From the documentation on std::pin:

> _In order to prevent objects from moving, they must be pinned by wrapping a
> pointer to the data in the Pin type. A pointer wrapped in a Pin is otherwise
> equivalent to its normal version, e.g. Pin <Box<T>> and Box<T> work the same
> way except that the first is pinning the value of T in place._

> _First of all, these are pointer types because pinned data mustn 't be
> passed around by value (that would change its location in memory). …_

Looking at Pin itself, it appears that it works by only implementing DerefMut
if its target is Unpin, thus preventing you from mutating (and therefore
swapping/replacing) the data unless the data supports Unpin.

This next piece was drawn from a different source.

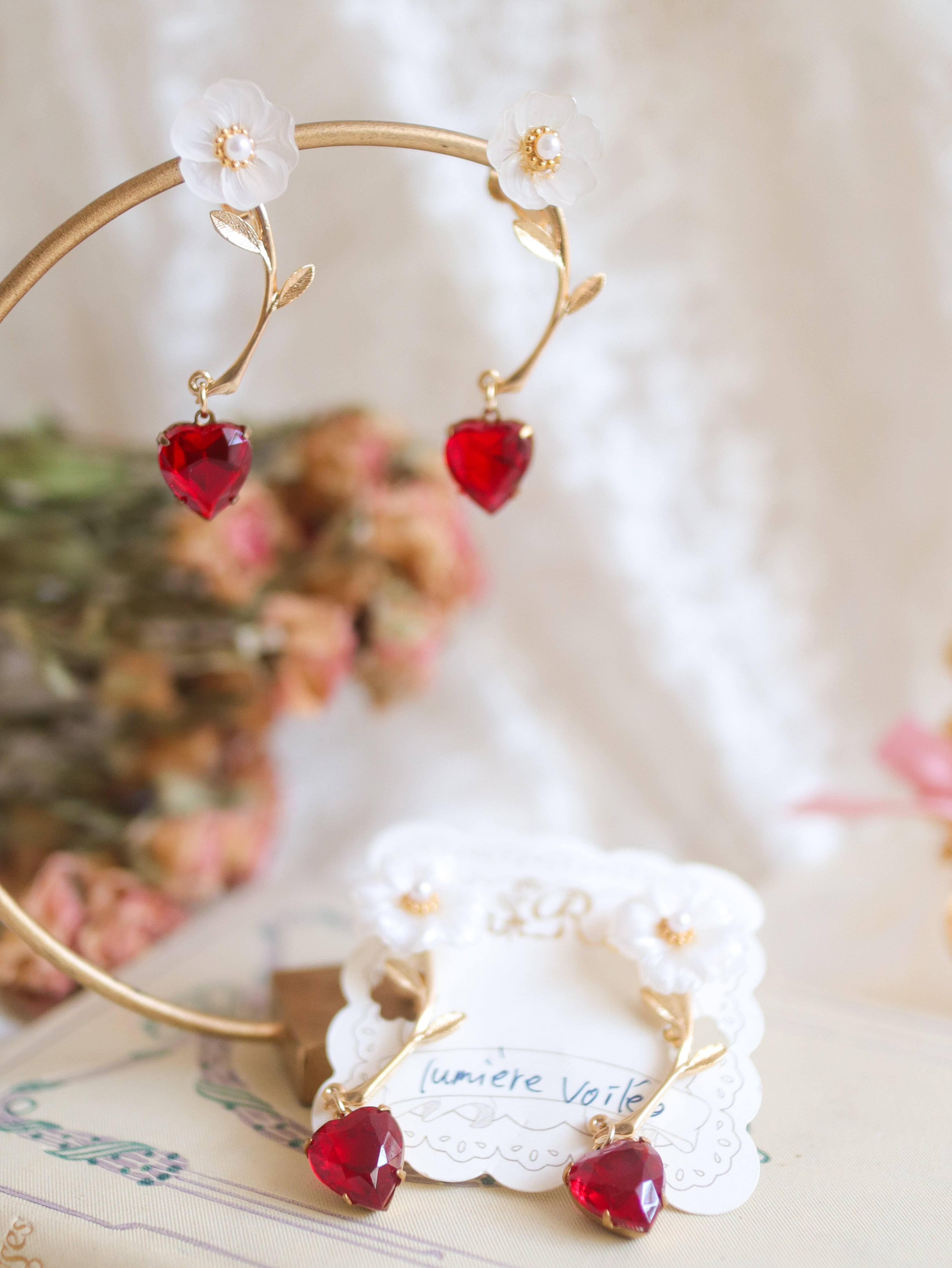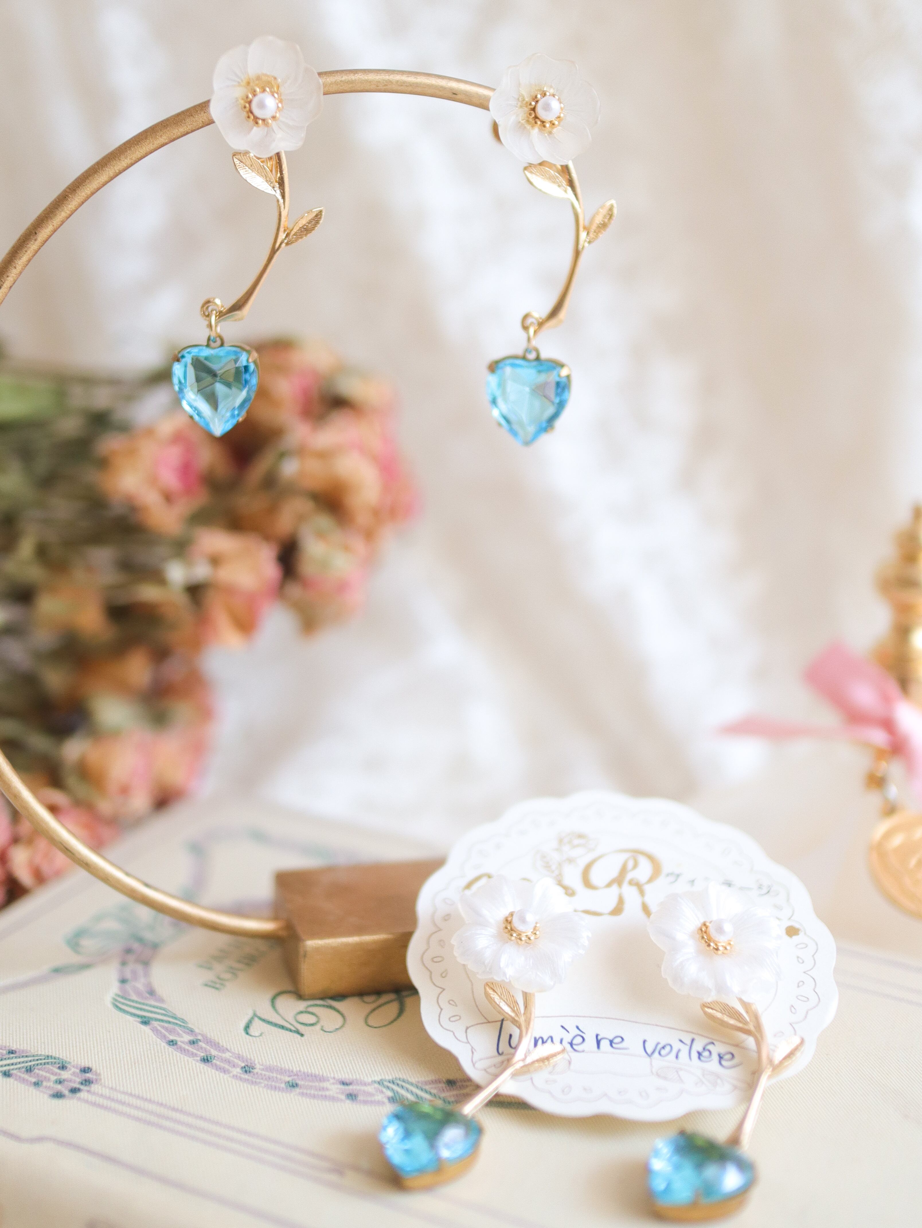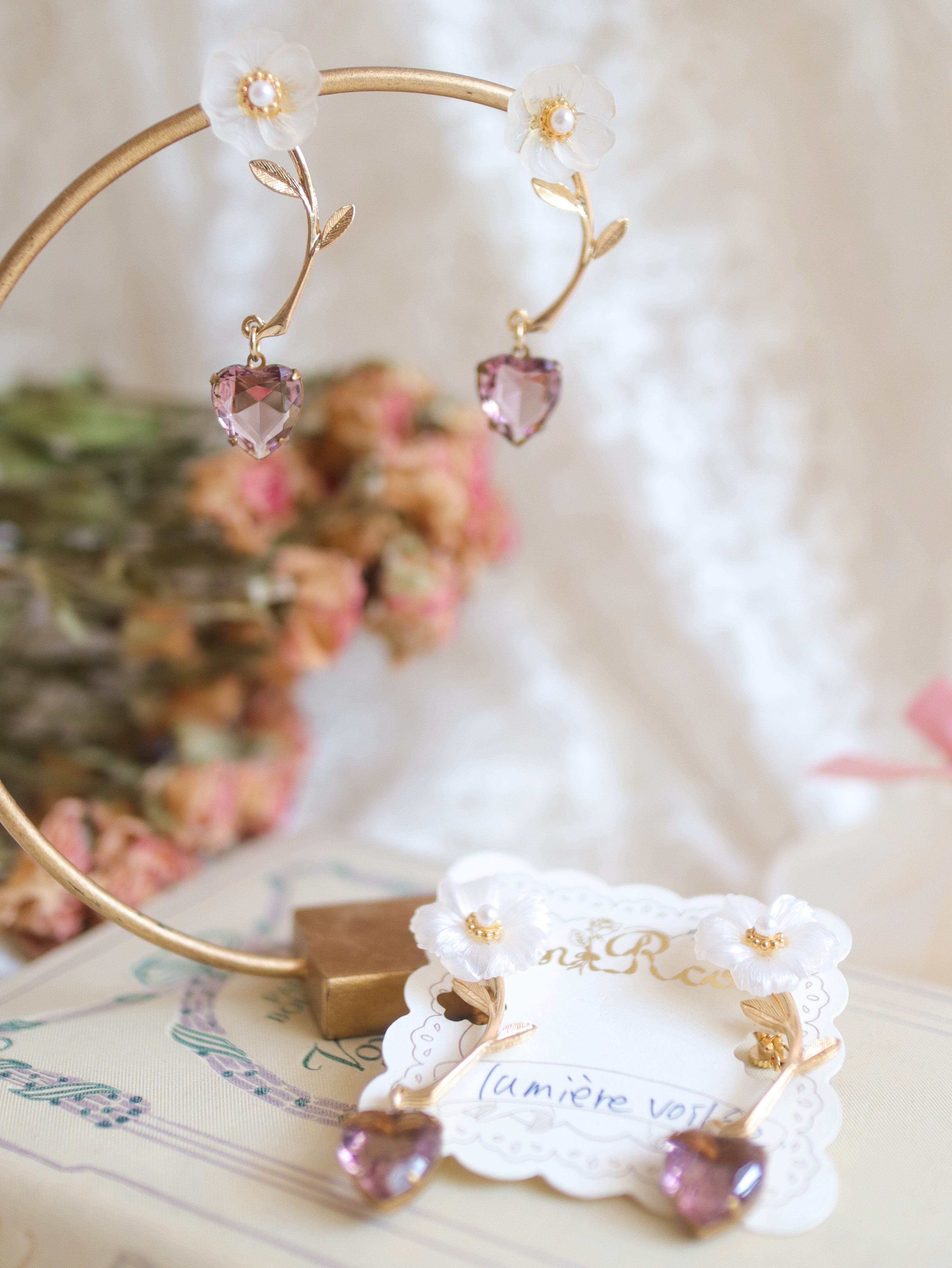 フランスの小花ビーズ、オリジナル金具、チェコヴィンテージガラスを合わせた、上品に纏まった小ぶりの耳飾りです。

But beyond that,
it also only implements Deref and DerefMut if its wrapped type itself
implements Deref/DerefMut, which means using Pin around a non-pointer
basically prevents you from accessing the wrapped data.

------
vardump
It's a bit surprising that the article didn't mention ensuring constant time
algorithms are used. If latency or the emissions of the CPU (etc. externally
observable) are data dependent on something secret, that secret might leak
through the side channel.

One way to combat these side channels is to use constant time multiplication,
loop conditions (including functions that might return early, like memcmp),
etc.

Is it possible for Rust to have any new or surprising mechanisms that cause
loss of constant time execution?

(Of course also other aspects can leak than the CPU instruction execution
latency itself. For example cache effects might be measurable.)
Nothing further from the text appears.